INFORMATION SHOWN:
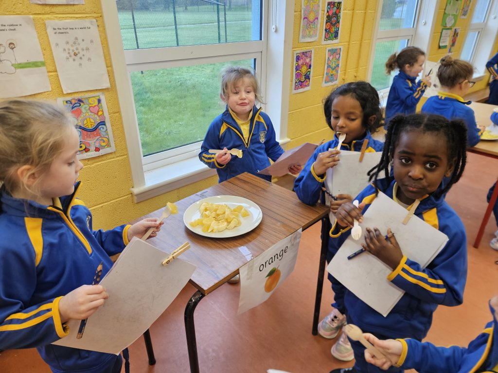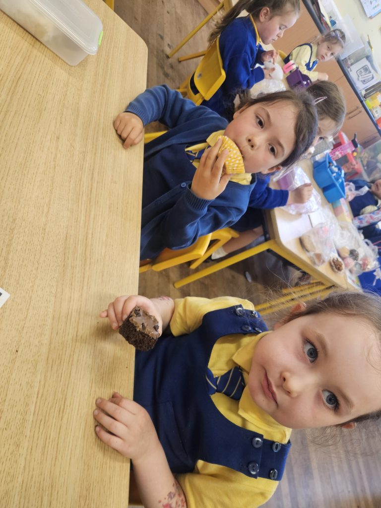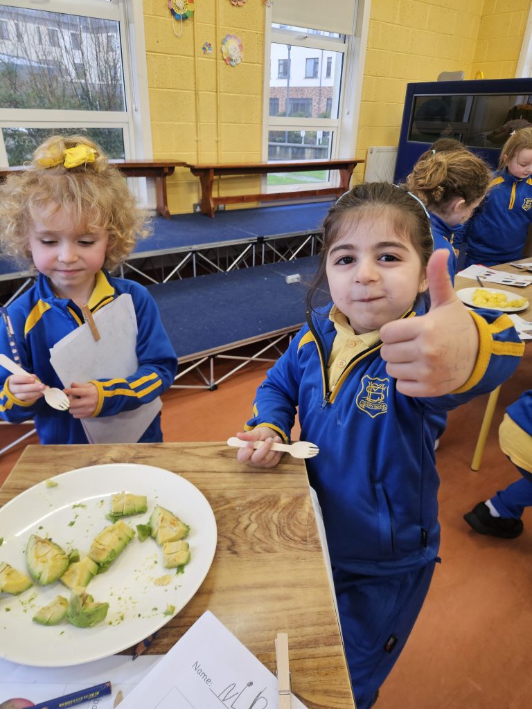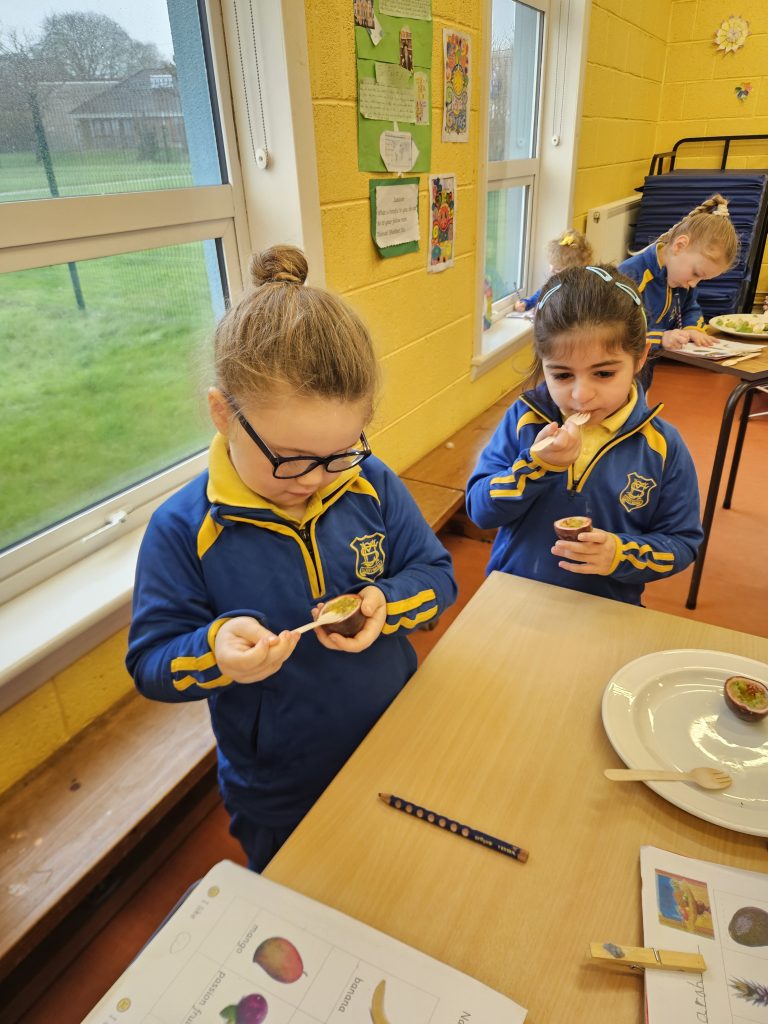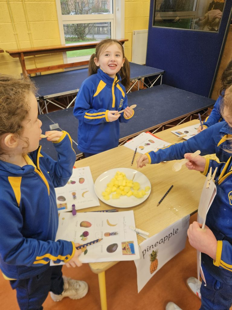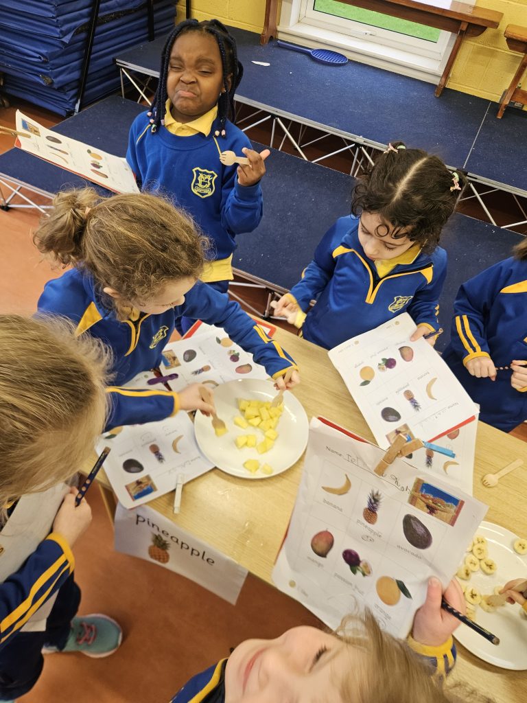 This month we have been learning all about food. We read the story Handa’s Surprise and we tasted some of the fruits from the story. Some of the girls had never tasted passion fruit, mango or avocado so there was great excitement. Out of the 6 fruits we tasted, most people preferred the pineapple.
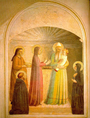 Today we rejoice with Simeon and Anna, and look forward through his prophecy, and with Mary, to the Cross whose the path we will soon begin to travel. (Picture: Fra Giovanni da Fiesole [a.k.a. Beato Angelico] San Marco, Florence).
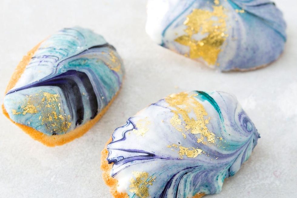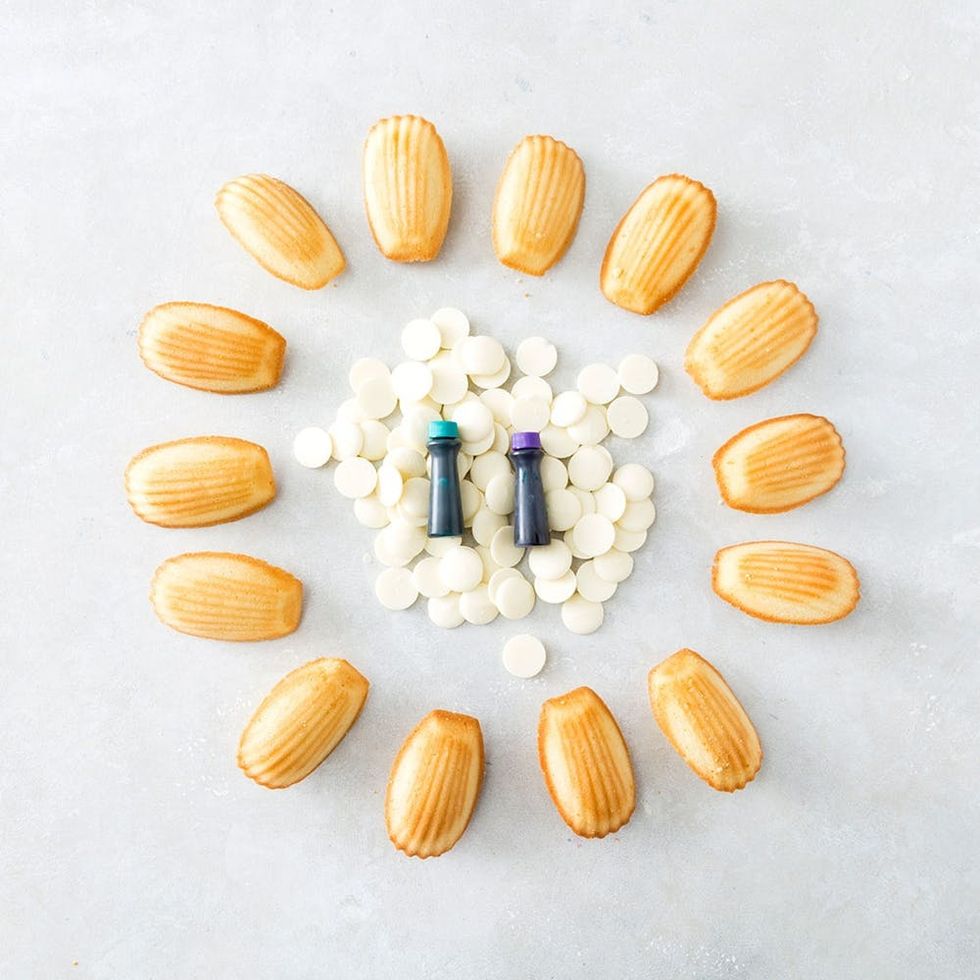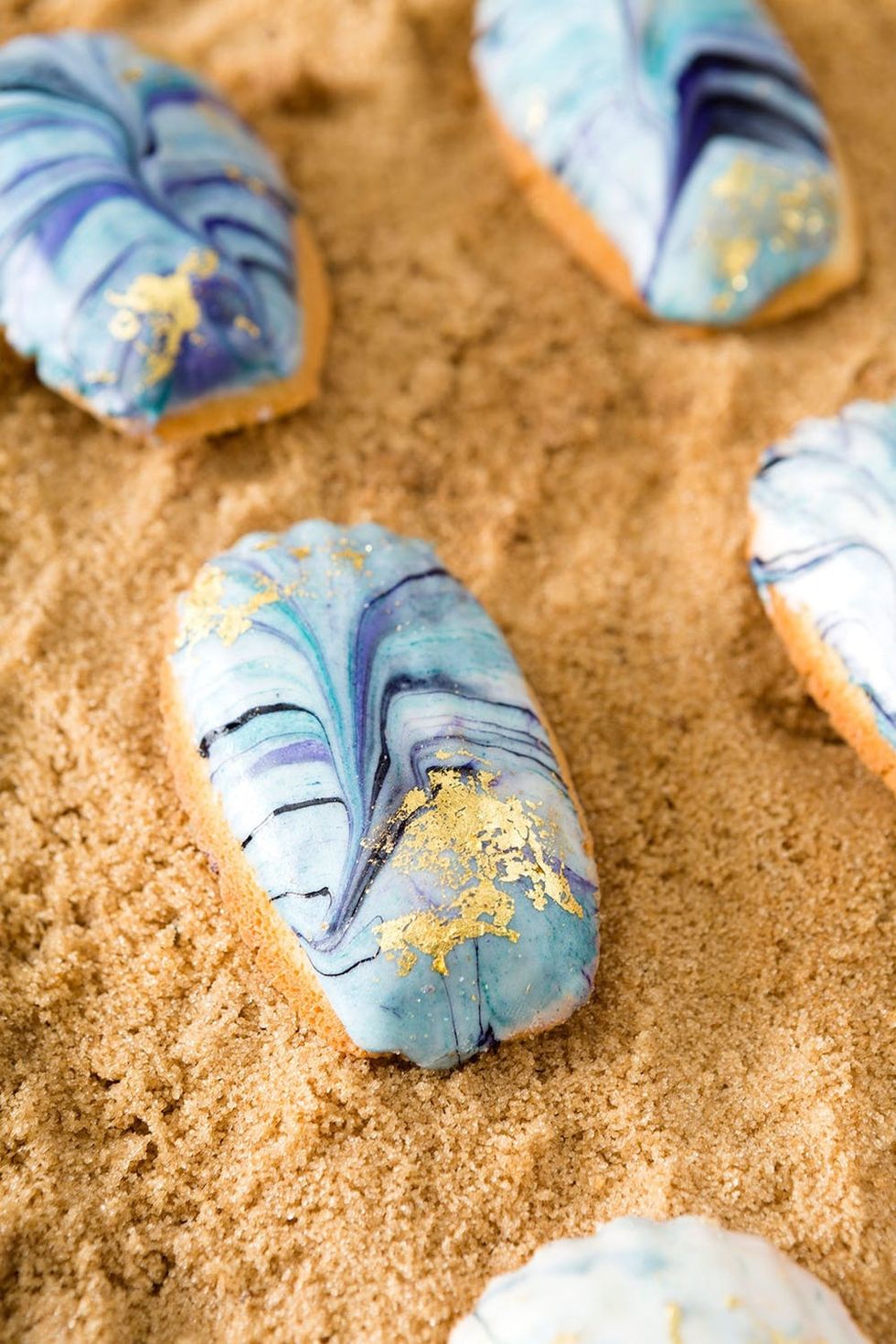 With multiple trips to the beach marked in our Google calendar, we’re finding ourselves becoming very obsessed with everything aquatic. The waves — and everything about the ocean — are so mesmerizing that I often find myself wishing I was a mermaid. Sun-kissed skin, beachy waves, and an opportunity to watch all the surfers — sign me up for my transformation ASAP. Sadly, I am not a mermaid, but still take inspiration from their lifestyle. Therefore I would like to introduce you to mermaid Madeleine cookies. This is hands down the most beautiful way to transform any cookie (store bought or fresh) and is a must for your next mermaid soiree.

REQUIRED WORK:
Copy the listing above verbatim, leaving out pictures.

WRITTEN RESPONSE:
 This month we have been learning all about food. We read the story Handa’s Surprise and we tasted some of the fruits from the story. Some of the girls had never tasted passion fruit, mango or avocado so there was great excitement. Out of the 6 fruits we tasted, most people preferred the pineapple.
 Today we rejoice with Simeon and Anna, and look forward through his prophecy, and with Mary, to the Cross whose the path we will soon begin to travel. (Picture: Fra Giovanni da Fiesole [a.k.a. Beato Angelico] San Marco, Florence).
 With multiple trips to the beach marked in our Google calendar, we’re finding ourselves becoming very obsessed with everything aquatic. The waves — and everything about the ocean — are so mesmerizing that I often find myself wishing I was a mermaid. Sun-kissed skin, beachy waves, and an opportunity to watch all the surfers — sign me up for my transformation ASAP. Sadly, I am not a mermaid, but still take inspiration from their lifestyle. Therefore I would like to introduce you to mermaid Madeleine cookies. This is hands down the most beautiful way to transform any cookie (store bought or fresh) and is a must for your next mermaid soiree.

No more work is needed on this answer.